Find the line with "2022 року президент" in the entries below, then output every line from it down to the line with "A minimalist and", exactly and with no pictures.

*** RECORDS SUPPLIED ***

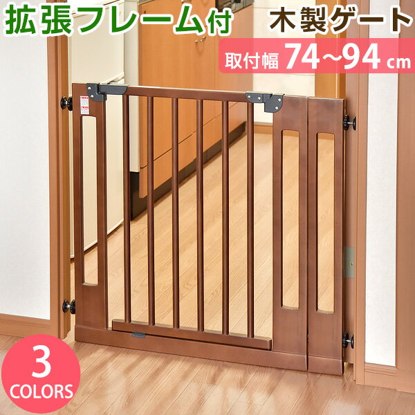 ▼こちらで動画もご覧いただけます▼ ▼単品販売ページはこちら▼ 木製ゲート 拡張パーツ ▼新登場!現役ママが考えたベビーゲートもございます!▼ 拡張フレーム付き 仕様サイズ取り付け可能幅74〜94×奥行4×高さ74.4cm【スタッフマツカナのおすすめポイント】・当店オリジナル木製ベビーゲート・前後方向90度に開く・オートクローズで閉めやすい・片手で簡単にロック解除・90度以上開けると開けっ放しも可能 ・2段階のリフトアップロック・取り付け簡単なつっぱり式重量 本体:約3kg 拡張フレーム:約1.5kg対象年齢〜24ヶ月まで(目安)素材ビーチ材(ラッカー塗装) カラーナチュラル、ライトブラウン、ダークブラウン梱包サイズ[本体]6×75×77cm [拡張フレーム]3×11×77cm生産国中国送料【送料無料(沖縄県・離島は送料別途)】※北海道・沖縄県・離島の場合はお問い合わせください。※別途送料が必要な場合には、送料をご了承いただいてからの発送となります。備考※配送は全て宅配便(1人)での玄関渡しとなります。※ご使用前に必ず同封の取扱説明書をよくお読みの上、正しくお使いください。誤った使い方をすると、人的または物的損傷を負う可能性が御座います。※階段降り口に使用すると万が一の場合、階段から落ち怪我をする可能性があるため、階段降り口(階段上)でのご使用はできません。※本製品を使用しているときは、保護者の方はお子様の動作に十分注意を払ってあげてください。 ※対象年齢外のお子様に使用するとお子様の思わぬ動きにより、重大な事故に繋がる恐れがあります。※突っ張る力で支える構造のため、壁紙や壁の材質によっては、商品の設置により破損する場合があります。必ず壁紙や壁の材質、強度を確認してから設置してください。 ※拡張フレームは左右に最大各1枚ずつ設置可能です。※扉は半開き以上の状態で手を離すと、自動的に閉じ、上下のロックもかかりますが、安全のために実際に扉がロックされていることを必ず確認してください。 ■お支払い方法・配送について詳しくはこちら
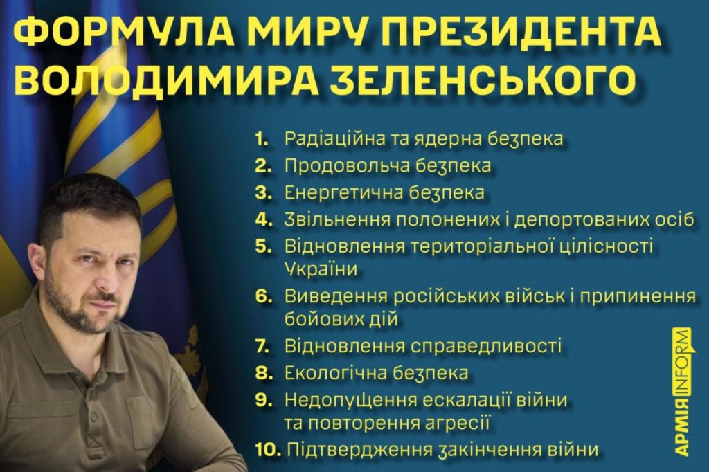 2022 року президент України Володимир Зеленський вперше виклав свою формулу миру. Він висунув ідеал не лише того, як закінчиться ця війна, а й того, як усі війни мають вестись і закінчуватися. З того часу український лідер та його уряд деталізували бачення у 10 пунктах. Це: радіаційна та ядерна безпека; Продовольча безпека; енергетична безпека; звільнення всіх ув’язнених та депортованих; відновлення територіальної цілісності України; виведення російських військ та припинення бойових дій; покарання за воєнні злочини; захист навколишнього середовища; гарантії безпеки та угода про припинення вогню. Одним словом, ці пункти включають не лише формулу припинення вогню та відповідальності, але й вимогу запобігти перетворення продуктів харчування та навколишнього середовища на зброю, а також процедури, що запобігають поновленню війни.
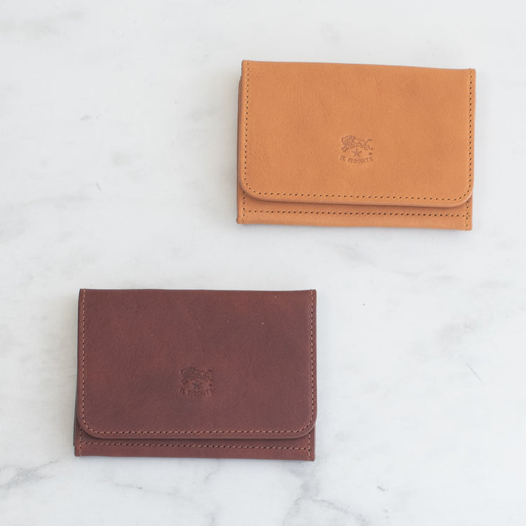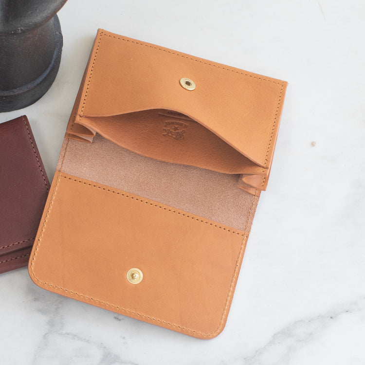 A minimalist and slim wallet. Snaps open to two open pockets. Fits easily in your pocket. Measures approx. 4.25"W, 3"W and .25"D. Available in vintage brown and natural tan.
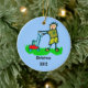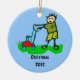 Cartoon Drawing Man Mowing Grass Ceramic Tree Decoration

*** End of RECORDS SUPPLIED ***
*** RECORDS SUPPLIED ***

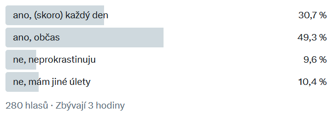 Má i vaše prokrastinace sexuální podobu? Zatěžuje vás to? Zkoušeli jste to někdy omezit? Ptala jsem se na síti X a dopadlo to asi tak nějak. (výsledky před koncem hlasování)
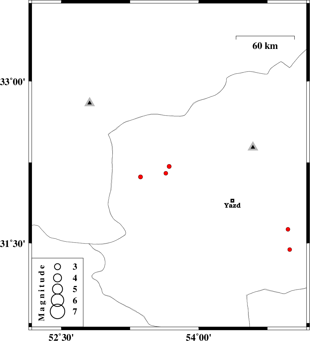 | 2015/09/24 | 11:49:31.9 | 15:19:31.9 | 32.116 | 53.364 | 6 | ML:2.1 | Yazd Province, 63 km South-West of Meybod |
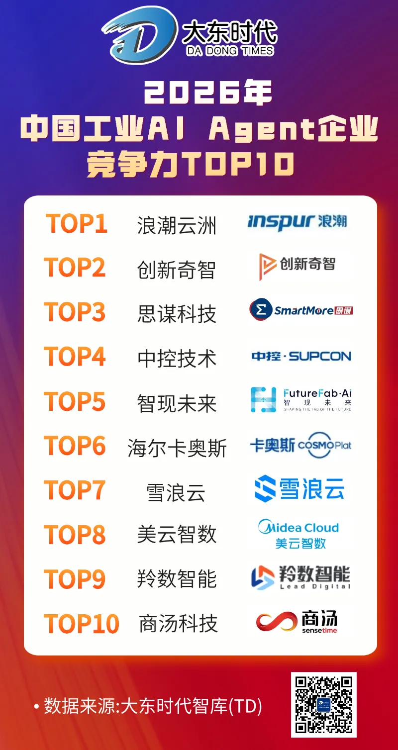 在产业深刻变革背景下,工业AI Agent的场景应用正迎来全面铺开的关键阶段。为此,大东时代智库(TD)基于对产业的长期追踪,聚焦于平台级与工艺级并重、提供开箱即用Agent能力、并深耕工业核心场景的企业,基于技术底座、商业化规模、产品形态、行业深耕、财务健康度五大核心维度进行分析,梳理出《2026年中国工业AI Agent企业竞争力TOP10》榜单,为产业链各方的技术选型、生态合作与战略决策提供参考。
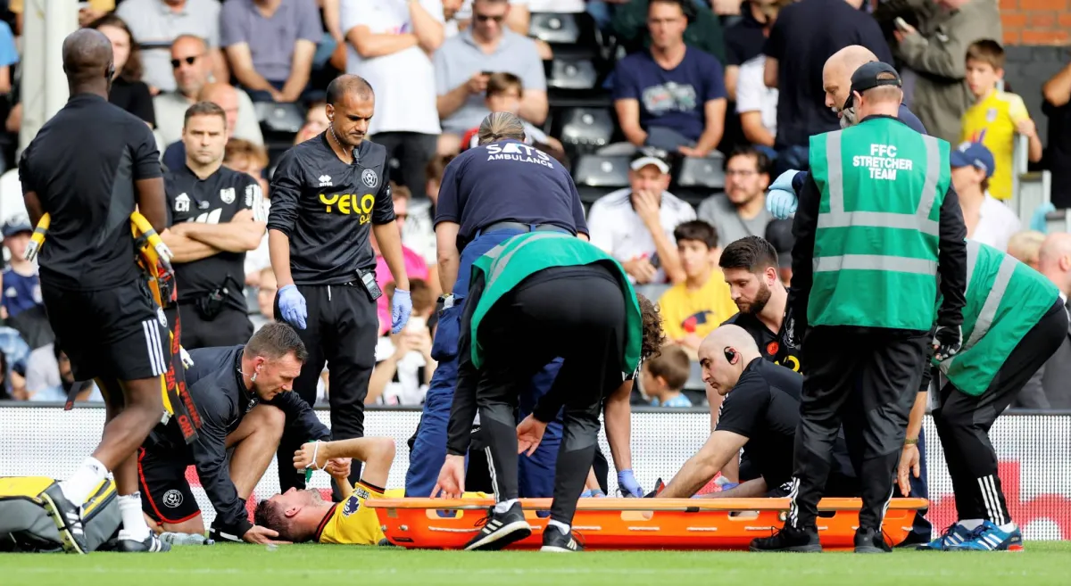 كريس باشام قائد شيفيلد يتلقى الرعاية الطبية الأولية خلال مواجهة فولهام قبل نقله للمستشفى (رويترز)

*** End of RECORDS SUPPLIED ***

EXERCISE SOLUTION:
 2022 року президент України Володимир Зеленський вперше виклав свою формулу миру. Він висунув ідеал не лише того, як закінчиться ця війна, а й того, як усі війни мають вестись і закінчуватися. З того часу український лідер та його уряд деталізували бачення у 10 пунктах. Це: радіаційна та ядерна безпека; Продовольча безпека; енергетична безпека; звільнення всіх ув’язнених та депортованих; відновлення територіальної цілісності України; виведення російських військ та припинення бойових дій; покарання за воєнні злочини; захист навколишнього середовища; гарантії безпеки та угода про припинення вогню. Одним словом, ці пункти включають не лише формулу припинення вогню та відповідальності, але й вимогу запобігти перетворення продуктів харчування та навколишнього середовища на зброю, а також процедури, що запобігають поновленню війни.
 A minimalist and slim wallet. Snaps open to two open pockets. Fits easily in your pocket. Measures approx. 4.25"W, 3"W and .25"D. Available in vintage brown and natural tan.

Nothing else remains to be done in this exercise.